ACTIVITY: Transcribe every line of the material below exactly, leaving out the pictures.

DATA SEGMENT:
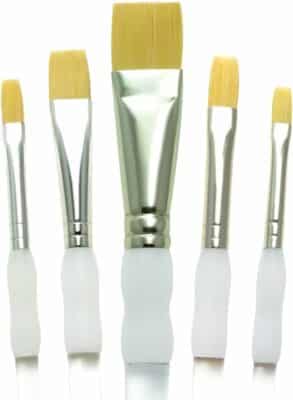 Ausverkauf 872 Rezensionen Royal & Langnickel SG-304 5-teiliges Flachpinsel-Set ALL MEDIA BRUSH SET-SOFT GRIP Gold Taklon ist ideal für Acrylfarben sowie alle Malmedien. Perfekt für Maler aller Erfahrungsstufen! WEICHER GRIFF-Jeder Pinsel verfügt über unseren patentierten, rutschfesten, weichen Gummigriff für zusätzlichen Komfort beim Malen! HALTBARKEIT & STIL-SOFT GRIP-Pinsel verfügen über eine langlebige, hochwertige, nahtlose Aluminiumzwinge und einen durchsichtigen Acrylgriff. QUALITÄTSPINSEL – Diese Pinsel verfügen über synthetische Gold-Taklon-Filamente mit mehreren Durchmessern, die feine Spitzen, Federn und scharfe Kanten erhalten, ideal für alle Malmedien. SET ENTHÄLT – Schattierungspinsel 4, 8, 10, 12, Wash 3/4″
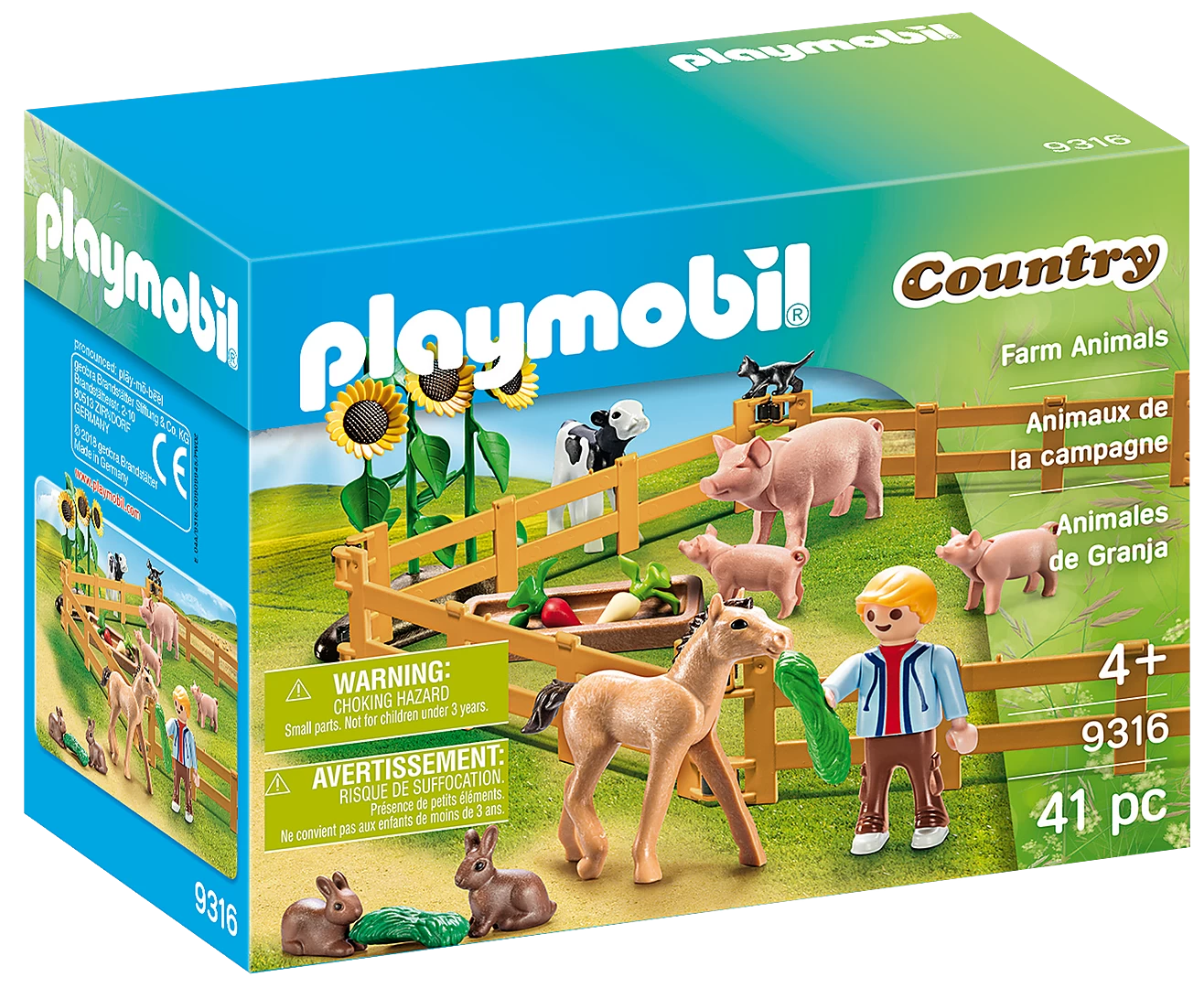 Animals: 1 foal, 1 calf, 1 pig, 2 piglets, 2 rabbits, 1 kitten
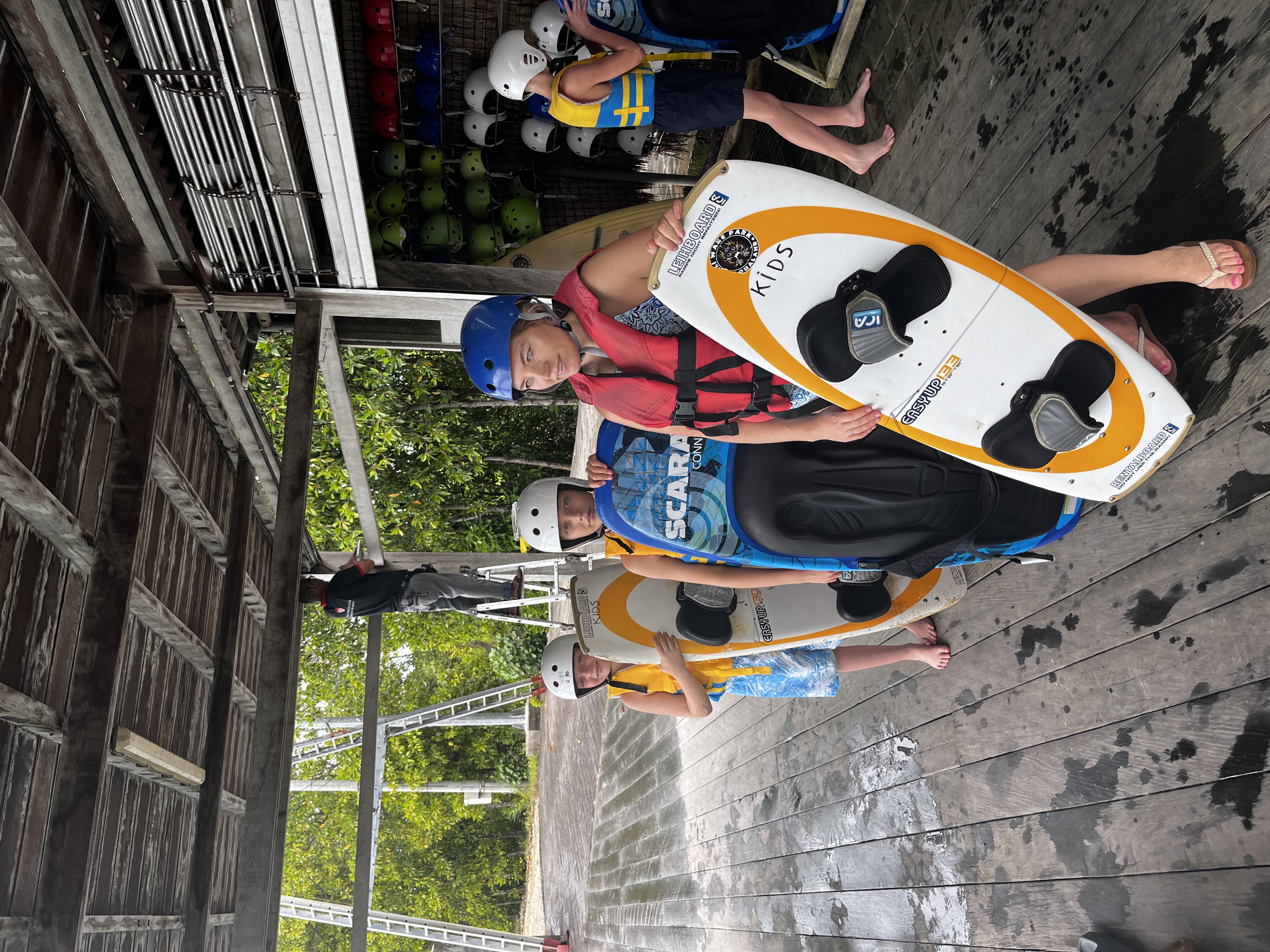 Michael, Jesper, Betina og Leah havde ikke lyst til at prøve, så de hyggede sig i caféen imens. Da vi var færdige med wakeboard skulle børnene over og lege på den vandbane der hører til parken. Det var tydeligt at mærke på alle at der ikke var så mange kræfter tilbage, da man bruger hver en muskel i sin krop når man står på wakeboard.
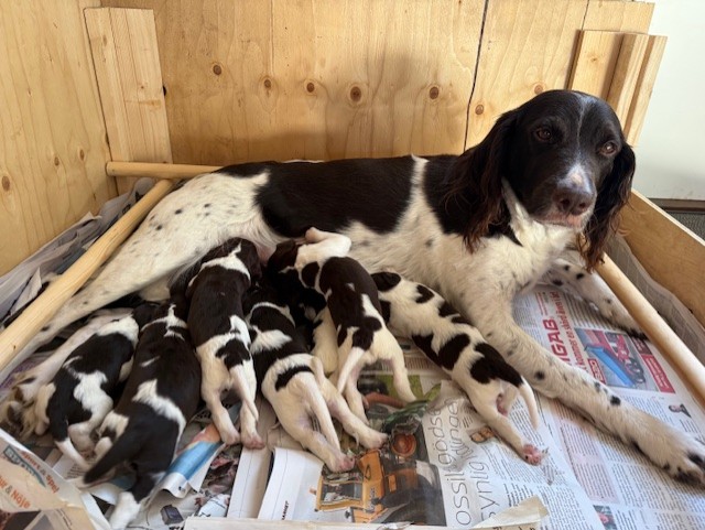 Hanvalpar födda den 7 mars, efter friska och jaktstarka linjer. Registrerade i SKK och leveransklara den 2 maj.

PROBLEM SOLUTION:
 Ausverkauf 872 Rezensionen Royal & Langnickel SG-304 5-teiliges Flachpinsel-Set ALL MEDIA BRUSH SET-SOFT GRIP Gold Taklon ist ideal für Acrylfarben sowie alle Malmedien. Perfekt für Maler aller Erfahrungsstufen! WEICHER GRIFF-Jeder Pinsel verfügt über unseren patentierten, rutschfesten, weichen Gummigriff für zusätzlichen Komfort beim Malen! HALTBARKEIT & STIL-SOFT GRIP-Pinsel verfügen über eine langlebige, hochwertige, nahtlose Aluminiumzwinge und einen durchsichtigen Acrylgriff. QUALITÄTSPINSEL – Diese Pinsel verfügen über synthetische Gold-Taklon-Filamente mit mehreren Durchmessern, die feine Spitzen, Federn und scharfe Kanten erhalten, ideal für alle Malmedien. SET ENTHÄLT – Schattierungspinsel 4, 8, 10, 12, Wash 3/4″
 Animals: 1 foal, 1 calf, 1 pig, 2 piglets, 2 rabbits, 1 kitten
 Michael, Jesper, Betina og Leah havde ikke lyst til at prøve, så de hyggede sig i caféen imens. Da vi var færdige med wakeboard skulle børnene over og lege på den vandbane der hører til parken. Det var tydeligt at mærke på alle at der ikke var så mange kræfter tilbage, da man bruger hver en muskel i sin krop når man står på wakeboard.
 Hanvalpar födda den 7 mars, efter friska och jaktstarka linjer. Registrerade i SKK och leveransklara den 2 maj.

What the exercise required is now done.